Closed amiltonwong closed 2 years ago

amiltonwong commented 2 years ago

Hi, @paul007pl ,

Thanks for releasing the code for the benchmark and baseline models. Do you also provide the trained models (checkpoints) for baseline methods (e.g. [1] PCN; [2] ECG; [3] VRCNet)? It'll be useful for having consistent comparison results.

Thanks~

paul007pl commented 2 years ago

Thanks for your suggestion. I have the pretrained models, and I may provide those results later.

Currently, a "blank" benchmark can somehow encourage every participator to try and understand different methods. Another concern is that everyone would like to report their best results, which may not be easy to achieve. Rather than reporting very good results at the begining, I think it is open for participators to test and evaluate each method by themselves.

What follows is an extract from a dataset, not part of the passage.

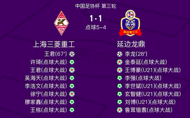 北京时间5月15日中国足协杯第三轮,上海三菱重工主场对阵延边龙鼎,王君和李龙分别建功,常规时间两队战成1-1,双方战至点球大战,最终上海三菱重工通过点球淘汰延边龙鼎,晋级第四轮,将对阵成都蓉城。
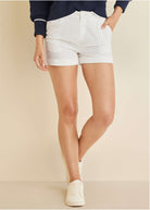 Eyelet Cuffed Button Shorts - Cloud Dancer

Because the "Train Dataset" and the "Test Dataset" are the same with the released MVP dataset (2048 points), at current stage, you can check our CVPR2021 paper to compare different methods (see Table 4) https://arxiv.org/abs/2104.10154.

In short, the results on the "Test Dataset" are consistent (Table 4), which can be used in your report and research paper; and inconsistent results on the "Extra-Test Dataset" can be okay at current stage. Good luck and have fun~

amiltonwong commented 2 years ago

Thanks @paul007pl , I'll train it first.